Игорь Шевелев
Имперское искусство театра
Сергей Юрский о родителях, призвании, сериалах и смысле жизни
Трудовая семья со всеми ее сложностями
- Сергей Юрьевич, ваша мама была пианисткой, преподавала музыку, сценическую речь, кормила семью, когда муж был без работы. Не было ощущения, что она хотела реализовать себя в жизни через вас?
- Нет, в какой-то мере она была реализована. У нее были хорошие и результативные ученики, хотя это была скромная районная музыкальная школа Калининского района города Ленинграда, которая располагалась по другую сторону Крестов. Когда был мамин столетний юбилей, - она, как и папа, 1902 года рождения, - я был в Питере и зашел в эту школу. Купил цветы, поднялся наверх, ни на что, собственно, не рассчитывая. Все очень бедно, пятый этаж жилого дома, без лифта. Встретила какая-то старая женщина, то ли техничка, то ли уборщица, то ли секретарь в бедном учреждении. Я заговорил с ней, она довольно хмуро отвечала, что никого еще нет, скоро придут. Я спрашиваю, а кто есть, назвал имя Евгении Михайловны, и она вдруг как-то вскинулась: «Кто вы? Боже мой, Сергей Юрьевич, как же, Евгения Михайловна…» Лицо совершенно изменилось.
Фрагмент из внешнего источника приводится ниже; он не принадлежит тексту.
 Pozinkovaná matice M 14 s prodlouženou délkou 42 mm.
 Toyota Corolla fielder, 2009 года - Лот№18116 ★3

Тут появляется другая, сравнительно молодая женщина: «Я же ее ученица. Я пришла сюда работать при ней». Тут же всплеск воспоминаний, мне вручается групповая фотография преподавателей, среди которых и мама. Я оставляю букет и ухожу в ощущении, что теперь навсегда обязан этим людям. Точно так же, как если я прихожу в цирк.
- Да, ведь вы выросли в цирке, когда ваш папа руководил московским цирком на Цветном бульваре и вообще всей системой советских цирков?
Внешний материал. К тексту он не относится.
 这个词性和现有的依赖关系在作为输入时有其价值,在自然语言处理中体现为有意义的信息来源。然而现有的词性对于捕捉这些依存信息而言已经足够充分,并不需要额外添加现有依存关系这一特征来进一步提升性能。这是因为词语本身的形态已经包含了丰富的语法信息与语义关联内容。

- Я редко бываю в цирке, но, когда прихожу, то по каким-то неведомым причинам все - акробаты, дрессировщики, уборщики говна за слонами, шпрехшталмейстеры, люди в странных фраках - все они мне: «Привет, Сережа!» Причем, не как Остапу Бендеру, а как своему, цирковому. В любом цирке страны, ведь цирк это конвейер, где все перемешаны. И очень странно и приятно, когда я прихожу в музыкальную школу, а мамы ведь нету тридцать с лишним лет, с 1971 года, а ее помнят; я прихожу в цирк, а папы нет с 1957 года, почти полстолетия, а дети тех детей помнят, что это – наш.
- Друзья вашего детства стали цирковыми артистами?
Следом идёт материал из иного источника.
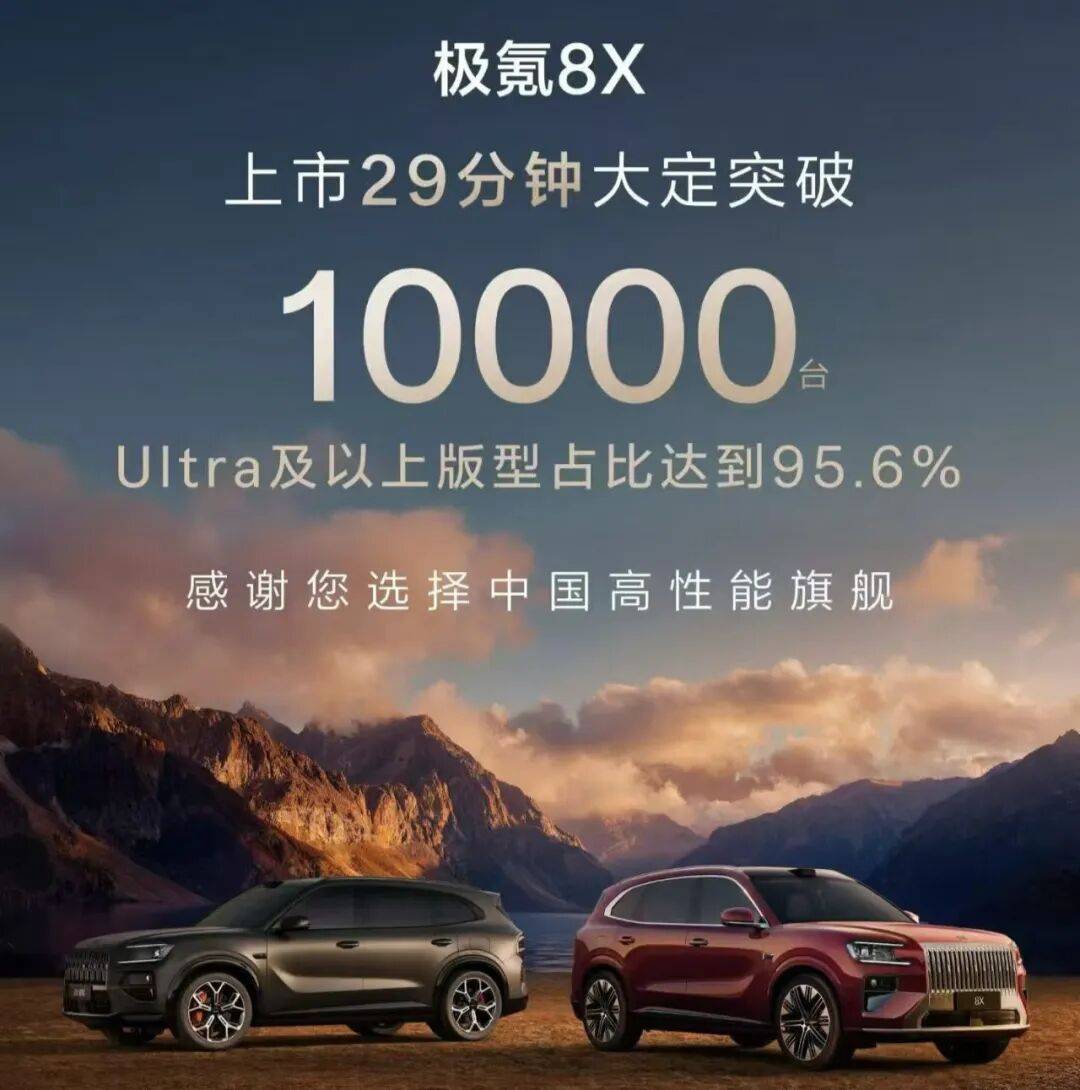 4月17日上市的極氪8X進(jìn)一步拓展高端性能市場(chǎng)邊界。這款定位高性能大五座旗艦SUV的車型,限時(shí)售價(jià)32.98萬(wàn)-39.98萬(wàn)元,曜影版達(dá)47.38萬(wàn)元。上市29分鐘即斬獲萬(wàn)輛訂單,其中Ultra及以上車型占比95.6%,平均價(jià)格超40萬(wàn)元。該車直接對(duì)標(biāo)寶馬X5M、奔馳AMG GLE等百萬(wàn)級(jí)豪車,卻以"8系"之名實(shí)現(xiàn)"9系"配置——全棧900V高壓架構(gòu)、三電機(jī)兆瓦級(jí)電驅(qū)、4S級(jí)AI數(shù)字底盤等10余項(xiàng)行業(yè)首創(chuàng)技術(shù),重新定義新能源豪華性能標(biāo)準(zhǔn)。

- Да и не только они. Как был Эмиль Теодорович Кио, с которым отец не скажу, чтобы был близок, но работал, и Кио был определяющим артистом, - так все Кио это свои люди. Как Запашные были своими, - а одни из них стали начальниками, другие преступниками, третьи покончили с собой, все по-разному сложилось, - но они так и остались своими. Как я ездил у Алибеков Кантемировых, когда мне было 14 лет, на коне Ташкенте, так до сих пор, уже поколения сменились, а они помнят, что это – наш, в номере был.
- Но мама ведь вас учила?
- Нет такого не было, что - «я учила Иру, я учила Лешу, а теперь буду учить тебя». Отчасти поэтому она меня упустила, я не играю на рояле. Да, я ленился, но и она была безумно занята, она зарабатывала деньги на жизнь. Рояль, который теперь стоит в нашей квартире, подарила ей мама, моя бабушка Елена Васильевна в день окончания консерватории, это самое начало 20-х годов.
- Неужели не было ощущения, что вы необыкновенный, талантливый, не похожий ни на кого, любимый ребенок в семье?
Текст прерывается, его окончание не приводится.